Detection of Low Frequency T-Cell Clones Via a Next Generation Sequencing (NGS) Based Immune-Oncology Research Assay

Introduction: The ability to detect and quantitate low frequency T-cell clones enables numerous hematology/oncology research applications, including identification and assessment of biomarkers associated minimal residual disease (MRD). Rare clone detection via NGS requires highly efficient library preparation and accurate sequencing methodologies, because single nucleotide substitution sequencing errors mimic the natural variation in the T-cell repertoire, resulting in detection of artifactual low frequency clones. Here we present an experimental framework and corresponding performance of rare clone detection utilizing the Oncomine^TM TCR Beta short read (TCRb-SR) assay, using Ampliseq-based library preparation targeting the highly variable CDR3 region of TCRb using either DNA or RNA as input, with sample-to-result in 2 days.

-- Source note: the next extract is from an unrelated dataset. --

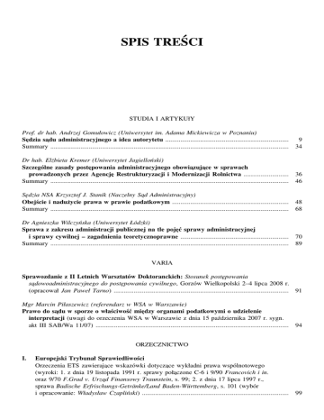 SPIS TREŚCI STUDIA I ARTYKUłY Prof. dr hab. Andrzej Gomułowicz (Uniwersytet im. Adama Mickiewicza w Poznaniu) Se˛dzia sa˛du administracyjnego a idea autorytetu .......................................................................... 9 Summary ............................................................................................................................................... 34 Dr hab. Elżbieta Kremer (Uniwersytet Jagielloński) Szczególne zasady poste˛powania administracyjnego obowia˛zuja˛ce w sprawach prowadzonych przez Agencje˛ Restrukturyzacji i Modernizacji Rolnictwa ........................... 36 Summary ............................................................................................................................................... 46 Se˛dzia NSA Krzysztof J. Stanik (Naczelny Sa˛d Administracyjny) Obejście i nadużycie prawa w prawie podatkowym ...................................................................... 48 Summary ............................................................................................................................................... 68 Dr Agnieszka Wilczyńska (Uniwersytet Łódzki) Sprawa z zakresu administracji publicznej na tle poje˛ć sprawy administracyjnej i sprawy cywilnej – zagadnienia teoretycznoprawne ................................................................. 70 Summary ............................................................................................................................................... 89 VARIA Sprawozdanie z II Letnich Warsztatów Doktoranckich: Stosunek poste˛powania sa˛dowoadministracyjnego do poste˛powania cywilnego, Gorzów Wielkopolski 2–4 lipca 2008 r. (opracował Jan Paweł Tarno) ......................................................................................................... 91 Mgr Marcin Piłaszewicz (referendarz w WSA w Warszawie) Prawo do sa˛du w sporze o właściwość mie˛dzy organami podatkowymi o udzielenie interpretacji (uwagi do orzeczenia WSA w Warszawie z dnia 15 października 2007 r. sygn. akt III SAB/Wa 11/07) .................................................................................................................... 94 ORZECZNICTWO I. Europejski Trybunał Sprawiedliwości Orzeczenia ETS zawieraja˛ce wskazówki dotycza˛ce wykładni prawa wspólnotowego (wyroki: 1. z dnia 19 listopada 1991 r. sprawy poła˛czone C-6 i 9/90 Francovich i in. oraz 9/70 F.Grad v. Urza˛d Finansowy Traunstein, s. 99; 2. z dnia 17 lipca 1997 r., sprawa Badische Erfrischungs-Getränke/Land Baden-Württemberg, s. 101 (wybór i opracowanie: Władysław Czapliński) ........................................................................................ 99 4 Zeszyty Naukowe Sa˛downictwa Administracyjnego 5(20)/2008 II. Europejski Trybunał Praw Człowieka Roszczenia wynikaja˛ce z aktów nacjonalizacyjnych. Orzeczenie ETPC z dnia 24 czerwca 2008 r. w sprawie Tomáš BAŤA przeciwko Republice Czech, skarga nr 43775/05 (Opracowała Agnieszka Wilk) ...................................................................................................... 103 III. Trybunał Konstytucyjny Przejście prawa własności samochodu na rzecz Skarbu Państwa (wyrok TK z dnia 3 czerwca 2008 r. sygn. akt P 4/06)(wybór i opracowanie: Irena Chojnacka) .......................................... 109 IV. Sa˛d Najwyższy Postanowienie Sa˛du Najwyższego z dnia 13 maja 2008 r. (sygn. akt III SK 39/07) [dot. orzekania przez sa˛d o obowia˛zkach przedsie˛biorcy w przypadku decyzji tymczasowej] (wybór i opracowanie: Andrzej Wróbel) ..................................................................................... 118 V. Naczelny Sa˛d Administracyjny i wojewódzkie sa˛dy administracyjne A. Orzecznictwo Naczelnego Sa˛du Administracyjnego (opracował Marcin Wia˛cek) 1. Uchwała składu siedmiu se˛dziów NSA z dnia 21 kwietnia 2008 r. (sygn. akt I OPS 1/08) [dot. zróżnicowania podmiotowego w zakresie skutków niezłożenia wniosku o prawo pomocy na urze˛dowym formularzu] ............................... 2. Uchwała składu siedmiu se˛dziów NSA z dnia 21 kwietnia 2008 r. (sygn. akt I OPS 2/08) [dot. powojennego wywłaszczania nieruchomości dla celów realizacji tzw. narodowych planów gospodarczych] ....................................................... 3. Uchwała składu siedmiu se˛dziów NSA z dnia 30 czerwca 2008 r. (sygn. akt I FPS 1/08) [dot. relacji mie˛dzy wykładnia˛ prawa w wyroku kasacyjnym a w uchwale NSA] ............................................................................................................ B. Orzecznictwo wojewódzkich sa˛dów administracyjnych (wybór i opracowanie: Bogusław Gruszczyński) 1. Wyrok WSA w Opolu z dnia 12 grudnia 2006 r. (sygn. akt II SA/Op 436/06) [dot. prawa budowlanego – usytuowania ogrodu zimowego] ......................................... 2. Wyrok WSA w Lublinie z dnia 4 stycznia 2008 r. (sygn. akt II SA/Lu 788/07) [dot. zwia˛zania ustalenia prawa do świadczeń rodzinnych z data˛ złożenia wniosku – wyrok TK] ...................................................................................................................... 3. Wyrok WSA w Bydgoszczy z dnia 9 stycznia 2008 r. (sygn. akt II SA/Bd 832/07) [dot. przekształcenia prawa użytkowania wieczystego we własność] ............................ 4. Wyrok WSA w Opolu z dnia 13 maja 2008 r. (sygn. akt II SA/Op 85/08) [dot. wznowienia poste˛powania dyscyplinarnego policjanta] ......................................... 5. Wyrok WSA w Bydgoszczy z dnia 30 lipca 2008 r. (sygn. akt I SA/Bd 249/08) [dot. obniżenia podatku należnego] .................................................................................. 123 126 133 136 144 154 158 164 VI. Wnioski Prezesa NSA i pytania prawne sa˛dów administracyjnych skierowane do Trybunału Konstytucyjnego Pytania prawne (postanowienia: NSA z dnia 28 sierpnia 2008 r. sygn. akt I FSK 817/07; W

Methods: To evaluate detection sensitivity of the TCRB-SR assay, we utilized Jurkat cell line DNA and RNA because the presence of a single T cell clone enables precise control of dilution studies. Commercially procured Jurkat gDNA or RNA was spiked into peripheral blood leukocyte gDNA or RNA from 10^-1 to 10^-6 absolute clone frequency to create specimens with a known T-cell clone at frequencies commonly observed in MRD research applications. Peripheral blood leukocyte gDNA or RNA was used as the background for spike in studies due to its high T-Cell diversity. Six to twenty technical replicates were analyzed per dilution point, with DNA inputs ranging from 100ng to 1ug and RNA inputs ranging from 25ng to 100ng to evaluate the minimum detectable clone frequency as a function of nucleic acid input. Libraries were prepared following the TCRB-SR manufacturer's instructions for both DNA and RNA, followed by templating and sequencing using Ion Chef and S5 systems. Data processing was performed in Torrent Suite software (v5.10) followed by read alignment to the IMGT database of variable, diversity, and joining genes using Ion Reporter software (v5.10). For the 10^-6 target frequency with gDNA as the input, four 1ug libraries were combined for analysis in Ion Reporter. Analytical sensitivity was calculated at each target clone frequency by detection of the Jurkat clone as defined by V-gene, Joining gene, and CDR3 nucleotide sequence.

Results: Detection sensitivity was dependent on the amount gDNA or RNA input. For gDNA inputs, we observed 100% sensitivity at 10^-3 with 100ng input, 100% sensitivity at 10^-4 with 250ng input, 95% sensitivity at 10^-5 with 1ug input, and 100% sensitivity at 10^-6 with 4ug input. For RNA inputs, we observed 100% sensitivity at 10^-5 with 25ng input and 100% sensitivity at 10^-6 with 100ng input. In addition, we observe a strong linearity of observed clone frequencies at each dilution level, with an r-squared of 0.97.

Conclusions: Here we demonstrate the ability to detect T-cell clones down to 10^-6 from gDNA or RNA inputs with high sensitivity and linearity utilizing the Oncomine^TM TCR Beta short read assay. We present data demonstrating detection of clones with absolute frequencies of 10^-6 utilizing 4ug gDNA input or 100ng RNA input, highlighting strong performance at nucleic acid input levels typically seen in clinical research samples. Taken together, we show feasibility for rare clone detection in either gDNA or RNA enabling research and development for T-cell minimal residual disease applications. For research use only, not for use in diagnostic procedures.